The composition and configuration of the network system of our bureau are reasonable and conform to the relevant safety regulations; All kinds of hardware equipment, software and network interfaces used in the network have also passed the safety inspection and appraisal before being put into use, and have basically operated normally since installation.
Five, strict management, standardize equipment maintenance
Does our bureau implement computers and their equipment? Who uses, manages and is responsible? Management system. We insist on management? System manager? . The second is to strengthen information security education and improve employees' computer skills. At the same time, the publicity of network security knowledge was carried out in the bureau, which made all the staff realize that computer security protection is? Three defenses and one insurance? An inseparable part of work. Moreover, under the new situation, computer crime will become an important part of security work. In terms of equipment maintenance, a network equipment fault register and a computer maintenance table are specially set up to register equipment faults and maintenance and deal with them in time. For foreign maintenance personnel, it is required to be accompanied by relevant personnel, and their identity and handling situation should be registered to standardize the maintenance and management of equipment.

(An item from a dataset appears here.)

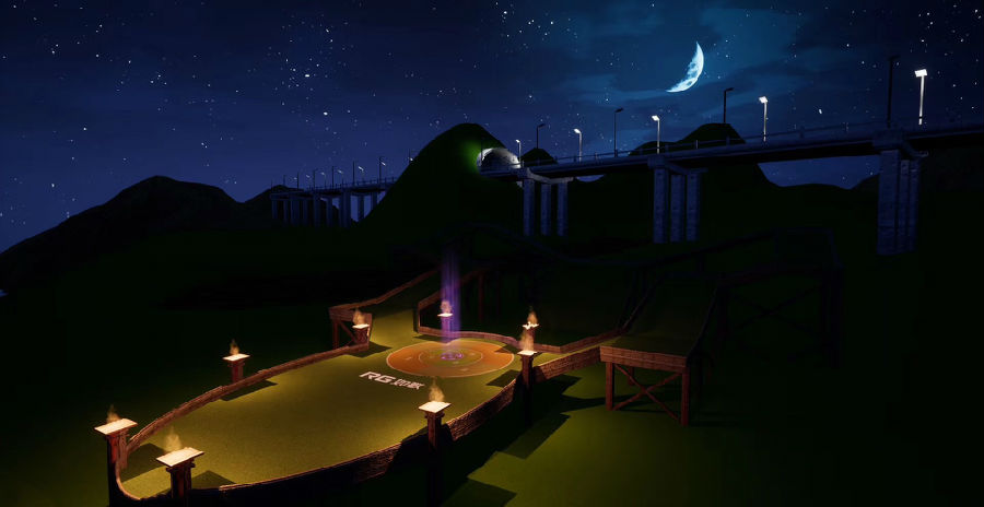 與迷你九洞的環(huán)境風(fēng)格一致,推桿大師和揮桿游戲均使用了夜晚星空為主題。推桿大師以中世紀(jì)古堡為背景,球道果嶺設(shè)置在古堡外圍,以火把為照明光源,照亮球洞附近的分?jǐn)?shù)標(biāo)靶;揮桿游戲跳出了地球,以外太空為背景,極具科技感的飛船和橋梁,得分區(qū)使用了從底部往上照射的光源,令目標(biāo)區(qū)域更明顯。
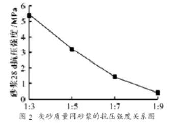灰砂質(zhì)量同砂漿的抗壓強(qiáng)度之間的關(guān)系如圖2所示。

Intransitive verb website security and
Our bureau has relevant requirements for website security. 1. Log in to the background with a password lock with exclusive authority; Second, upload files in advance to detect pathogens; Third, the website adopts module and authority maintenance, and regularly enters the background to clean up junk files; Fourth, the website is updated by a special person.
Seven. Formulation and implementation of safety system
In order to ensure the safety of computer network, the network administrator system, computer security system, website security management system and emergency plan for network information security emergencies have been implemented, which effectively improved the work efficiency of administrators. At the same time, our bureau formulates the computer system security self-inspection system according to its own situation, and achieves four guarantees: first, the system administrator regularly checks the central computer system every Friday to ensure that there are no hidden dangers; The second is to make safety inspection records to ensure the implementation of the work; The third is to implement the system of regular inquiry by leaders, and the system administrator reports the use of computers to ensure that the situation is always grasped; Fourth, regularly organize global personnel to learn network knowledge, improve the level of computer use, and ensure prevention.
Eight, safety education
In order to ensure the safe and effective operation of our network and reduce virus intrusion, our bureau has trained the related knowledge of network security and system security. During this period, we conducted a detailed consultation on computer-related problems encountered in practical work and got a satisfactory answer.
Nine, self-examination problems and rectification opinions
We found some weak links in the management process, and will improve in the following aspects in the future.
(a) for irregular lines, exposed, immediately rectification lines within a time limit, and do a good job of rat prevention and fire safety.
(two) to strengthen equipment maintenance, timely replacement and maintenance of faulty equipment.
(3) During the self-examination, it was found that individual personnel were not aware of computer security. In the future work, we will continue to strengthen computer security awareness education and prevention skills training, so that employees can fully realize the seriousness of computer cases. Combine civil air defense with technical defense, and do a good job in network security of the unit.